Chapel Events: Hilary Term 2023

Dates

Throughout Hilary Term

Location

Wadham Chapel (some exceptions)

Summary

Weekly Choral Evensong, Tree Appreciations, Qigong and more. For full details, click the link above.

Evensong Schedule

Week 1 | Jan 15: Keeping Faith ... following the star

The first three Sundays of Hilary 2023 fall in Epiphany, the season celebrating manifestations of the divine in our world, beginning with the Wise Men following the Star in the East. The Chaplain invites everyone at the start of a new year to reflect on their own guiding star.

Week 2 | Jan 22: Keeping Faith ... in 2023

The Chaplain introduces our termly topic exploring what it means to ‘keep faith’. How do we balance our responsibilities and obligations to ourselves and our neighbours in our daily life, society more generally, and in global context? And amid so many harbingers of doom, how do we maintain equilibrium, and even optimism?

Week 3 | Jan 29: Keeping Faith ... with silence

Professor Madeleine Reeves (St Hugh’s) is a social anthropologist with wide-ranging interests in borders, labour migration, sovereignty, time, and social reproduction, who has conducted field work in Central Asia and Russia. Drawing on her experience of silence in Quaker spiritual practice, she will help us think about our own journeys through the multifaceted challenges we face

Week 4 | Feb 5: Keeping Faith ... with human rights in Palestine

William Parry works in Wadham’s Development Office, fundraising for student support. He has maintained a journalistic interest in Palestinian human rights issues for nearly two decades. Despite an increasingly bleak landscape on the ground in Palestine, and in the West for those defending Palestinian rights issues, he finds inspiration, hope and faith from different quarters.

Week 5 | Feb 12: Keeping Faith ... with our fellow primates

Lucy Radford has worked in research, funding, and communications for primate conservation projects (notably Barbary Macaques and Sumatran Orangutans) in the UK and worldwide, and is currently based nearby at the OU Interdisciplinary Centre for Conservation Science. She honours human primates by serving as an accredited Humanist Celebrant for funeral and memorial services, and practices flying and static trapeze and aerial hoop in her spare time.

Week 6 | Feb 19: Keeping Faith ... with wildlife and conservation

Wadham’s own Taras Bains is a fourth-year biologist in Oxford’s Wildlife Conservation Research Unit, just back from field work in Uganda studying the experience of local communities living next to wildlife-protected areas. He is passionate about conservation outreach—serving as a blog editor for Conservation Optimism, a Learning Officer for the BBO Wildlife Trust, the projects coordinator for the Oxford Nature Conservation Society, and the animator of last year’s badger-cam in Wadham gardens and a project to rewild the History Faculty.

Week 7 | Feb 26: Keeping Faith ... 'This above all: to thine own self be true'

Humans are moral and spiritual as well as material beings. The Chaplain marks the beginning of the Christian penitential season of Lent by considering our essential nature and purpose, and how we can be ‘true’ to it.

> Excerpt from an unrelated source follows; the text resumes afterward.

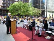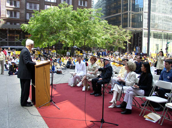 上午10点45分,新闻发布会开始,主持人宣读了多封芝加哥市和伊利诺伊州政要发来的支持信和对美中法会的贺信。芝加哥市长Richard Daley在发来的贺信中高度评价了“真善忍”准则及法轮功为人类身心健康所作出的贡献,并预祝法会圆满成功。伊州国会参议员Richard Durbin,国会众议员Lane Evans,国会众议员Jan Schakowsky 也都送来对法会的贺信,并在信中表达了对法轮功学员信仰自由的支持和对这场残酷迫害的强烈谴责。还有十数位芝加哥市市议员,伊州州参议员,州众议员也发来贺信。伊州Peoria市市长宣布今年6月为该市的法轮大法月,Rock Island市宣布6月16日至22日为该市的法轮大法周。特别值得一提的是伊州Dixon市市长James Burke先生还专程与夫人驱车两个多小时从Dixon 市赶来参加今天的活动,并发表了感人至深的讲话,他手里拿着《独立宣言》说,“自由、平等、民主是美国的立国之本,信仰自由也是普世认可的基本人权,我为法轮功学员的自由而呼吁。”与伊利诺伊州相邻的密苏里州的圣路易市市长,市议会议长,堪萨斯市市长,及几位密州州众议员也发来了祝贺法会的信件和决议案。密州国会众议员Lacy Clay是签署敦促法庭继续诉江案的“法庭之友”信件中39位国会众议员之一,他也特地发来信函来表达对这一历史审判的强烈支持。

Week 8 | Mar 5: Keeping Faith ... with humanity: 'A Grain of Sand'

Pat Winslow is an author, poet, and Humanist Celebrant who ‘keeps faith’ with humanity as a writer-in-residence in hospitals and a high-security prison, and running community and school writing workshops. I’ve often been asked how I, as an atheist, can live without faith. My answer is always ‘fully and with compassion’. I could also add ‘with a healthy dose of curiosity’. Human beings are infinitely complex. We are the sum total of our whole lives, not bits of our lives. So, broadly, the subject is our propensity for change.